Sabaha kadar seni seyrediyorum. İçindeki meleğin yüzüne vuran ifadesini.

Kırmızı ayakkabıların hazır ama sen de hazır mısın bu hayata?

Okulun ilk günü:

Sabah erkenden uyanıp kendin giyiniyor ve benden önce hazır oluyorsun. Biraz bahçede fotoğraf çekiyoruz. Beni kırmıyorsun ve birlikte ilk gün anısına fotoğrafçıya gidiyoruz. 

Heyecanını hissedebiliyorum. Sen de benimkini elbette. Yolda gelen telefon ile zaten her daim hazır olan gözyaşlarımı tutamıyorum. Seçil'in sesi geliyor. Çoktan yola çıkmış, o da geliyor okula. Titriyorum. Sen de seviniyorsun. Onu okul bahçesinde ilk görüşünü unutmam mümkün değil.


Yaklaşık 98-110cm aralığındaki 18 endişeli yüz ile buluşuyoruz sınıfında. Onların aynı ifadeli aileleri ile de tabi ki. Resmi tebessümlerle birbirimizi selamlıyoruz. İki kişi var sınıfta. Kendinden emin, mutlu ve içten gülen: Sınıfın iki öğretmeni. İçimi rahatlıyor. Onlara emanet ediyorum seni.

Eve geçip, okul servisi ile dönüşünü beklemeye başlıyorum.Gelmek bilmiyor servis. Binebildin mi, iyi misin bilmiyorum. Mutlu musun acaba? Ne kadar çok bilinmeyen var.

İnişini unutmam mümkün olmayacak. Yüzündeki gururlu ifadeyi de. Mutlusun.

Her şey yolunda işte. En azından şimdilik...

Ana okulu serüvenin başladı miniciğim, küçücüğüm...Hadi hepimize kolay gelsin..

27 September 2015

Mini Alışverişkolik 4 Yaşında, 14 Eylül 2015


4 yaşında mini alışverişkoliğim. Yine mutlu geçen bir yılı daha bitirdi. Şükürler olsun. Sağlığı yerinde olduğu için, huzuru yerinde olduğu için, ailesi yanında olduğu için...
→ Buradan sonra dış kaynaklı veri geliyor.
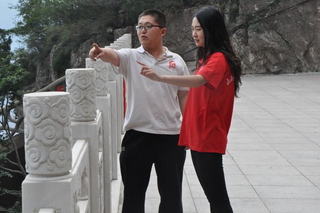 实践队队员们早上八点钟就来到石膏山风景区,背诵解说词,向专业讲解员们学习景点知识以及讲解注意事项。在跟随讲解员亲身体会了一次完整的讲解工作后,队员们纷纷表达了对讲解员们的敬佩。在学习的过程中,队员们“跃跃欲试”,主动和游客们交流,解答他们的疑惑。在参观南天门景点时,队员蔡文倩全面细致地为大家解说了景点的每个角落,游客们纷纷表示赞许。在得知队员们义务做讲解员后,游客李先生说:“期待更多大学生来宣传石膏山风景区。”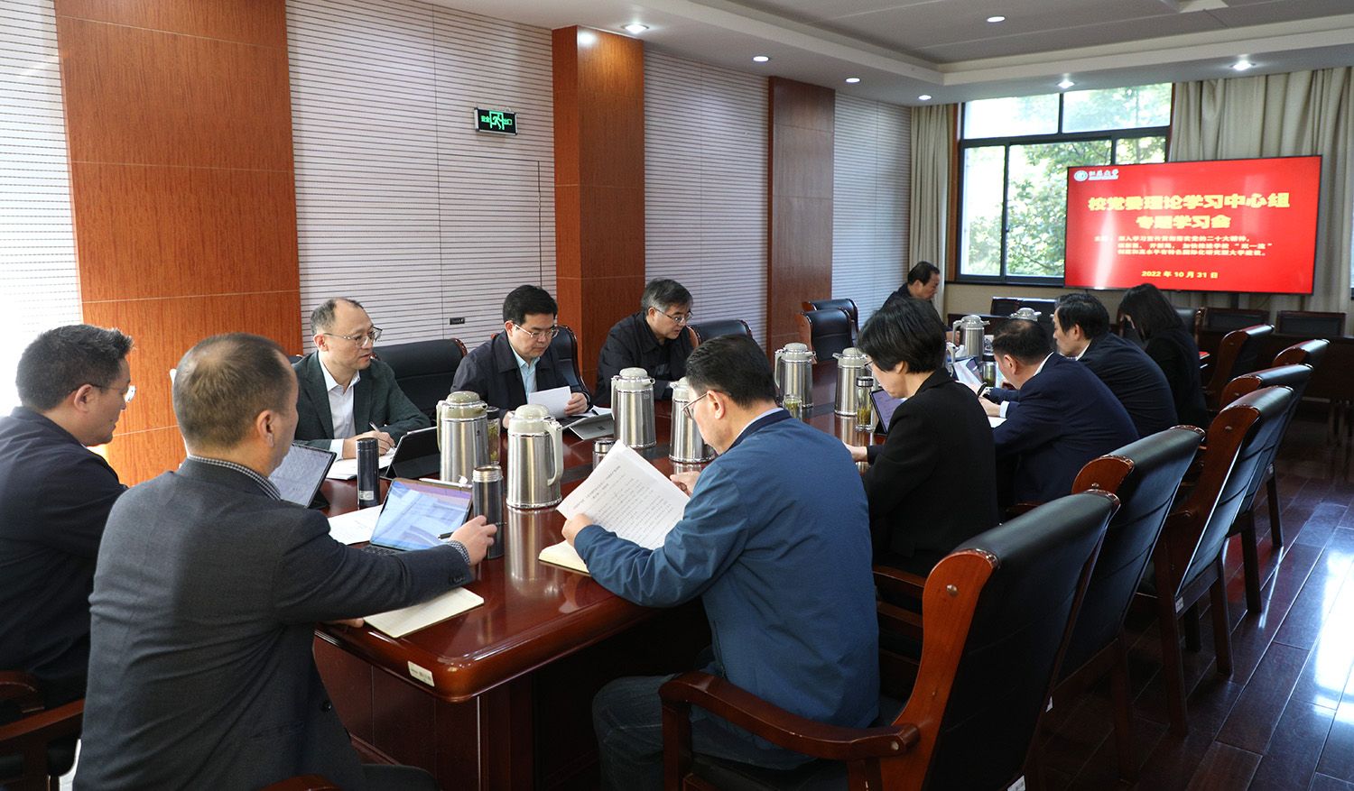 10月31日,校党委理论学习中心组在行政一号楼201会议室开展党的二十大精神专题集中学习研讨。集体学习研讨由校党委书记袁寿其主持。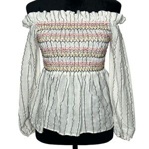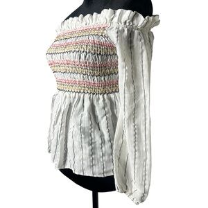 THML Flounce White Stripe Colorful Off-Shoulder Top Women’s Size Small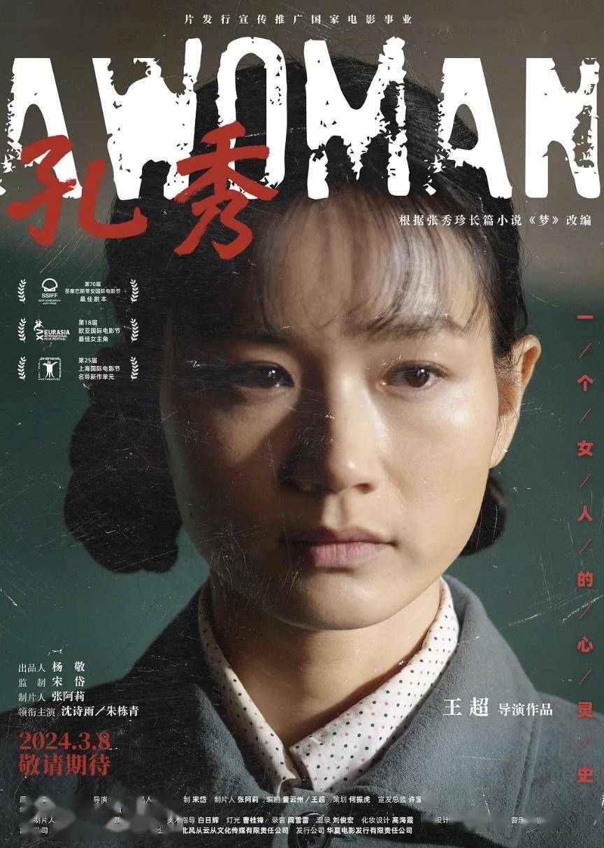 电影《孔秀》定档3月8日上映,由王超执导,沈诗雨、朱栋青主演,改编自河北作家张秀珍的长篇小说《梦》,讲述染布厂女工孔秀在两段婚姻之后,从文学当中获得给养,成为作家的故事。影片曾获得第70届圣塞巴斯蒂安国际电影节最佳编剧奖及第18届欧亚国际电影节最佳女主角。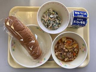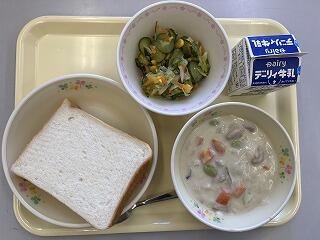 11/2(木)のメニューは『オニオンドレッシングサラダ』『食パン』『秋の味シチュー』『牛乳』でした。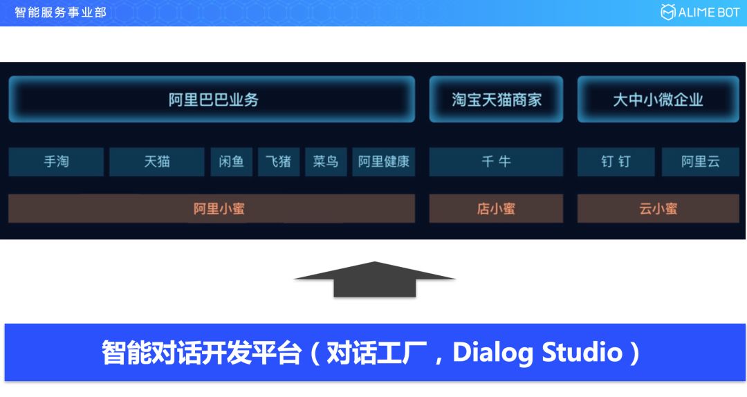所有的这些场景落地到我们小蜜家族的时候,是通过刚刚介绍过的三大小蜜来承载:阿里小蜜、店小蜜和云小蜜。我们不可能给每一个行业里面的每一个场景去定制一个对话流程,所以我们就沿用了阿里巴巴一贯做平台的思路,这也是我们整个智能对话开发平台的由来。这款产品在内部的名字叫对话工厂(Dialog Studio)。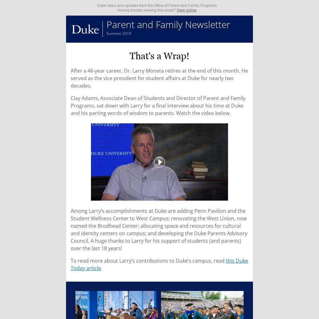 With the graduation of the Class of 2019, our Class of 2019 parents and families will also graduate from our associated Duke Facebook group. The official group will close at the end of July so that Duke personnel can transition their support to families of the incoming class. We sincerely thank Penny Fleming, Dana Williams Dudley, and Beth Gabay for their time and dedication to moderating this Facebook group.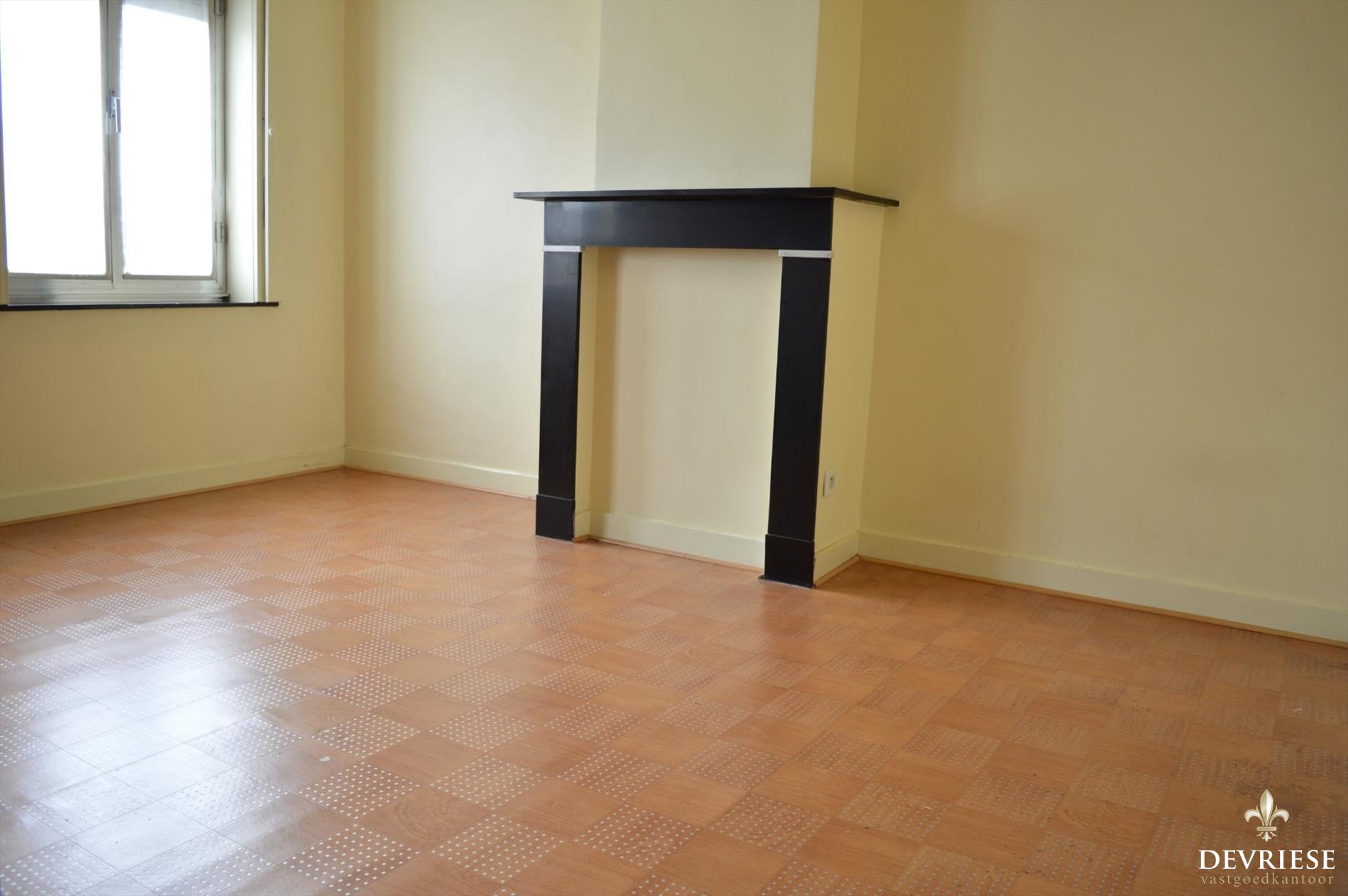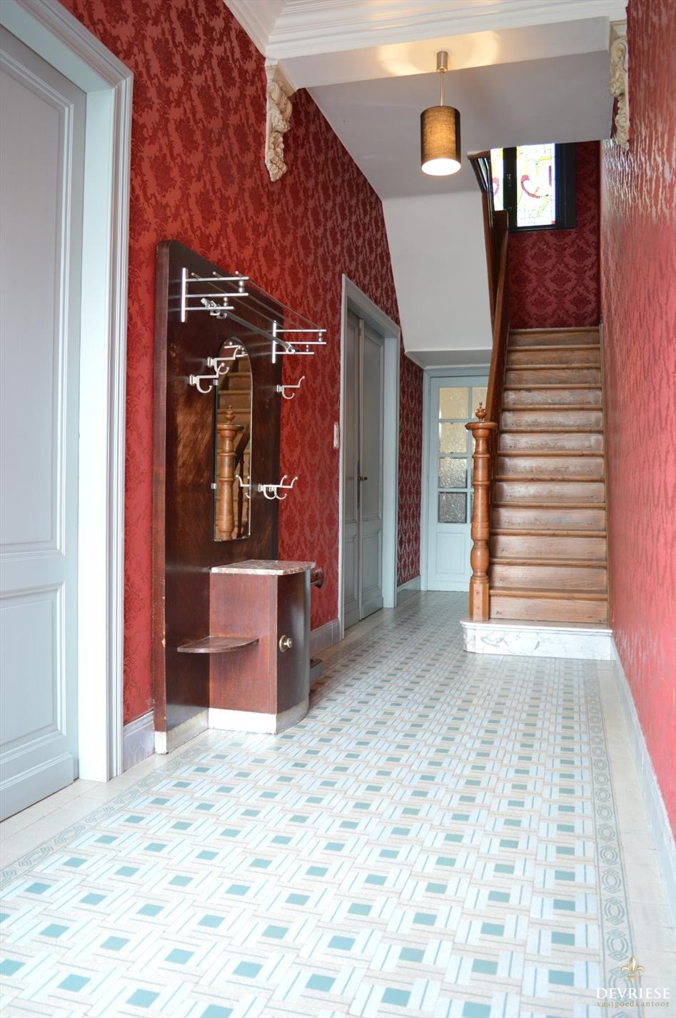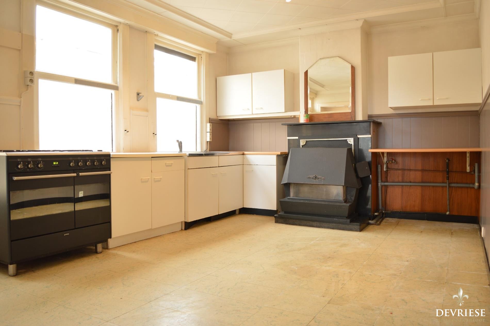 U komt binnen in de sfeervolle, ruime inkomhal die zowel toegang geeft naar de leefruimte met hoge plafonds, originele deuren en heel wat lichtinval, alsook naar de ruime keuken net achter de leefruimte. Via de keuken is er toegang tot een grote en praktische voorraadkelder.

Benim minişim, cücüğüm, küçücüğüm...Hayatımda yaptığım en iyi şeysin sen...Neşem, mutluluğum, huzurum, umudum, hayallerimsin sen. İyi ki doğmuşsun, iyi ki doğurmuşum...

Bu yıl doğum günü için yeni bir yer arayışımız yine Lozan Park'ta nihayetlendi. Mete'yi parkta bir doğum günü organizasyonu fikri pek mutlu etmedi başta. Parkın içinde bizleri geçen yıl ağırlayan mekana gittik yine. Teklif vermelerini beklerken gelen telefondaki ses, restoranın tahliye edileceği bilgisini verince, rüzgar benden yana esmeye başladı ve Mete de mecbur kaldı kabullenmeye. 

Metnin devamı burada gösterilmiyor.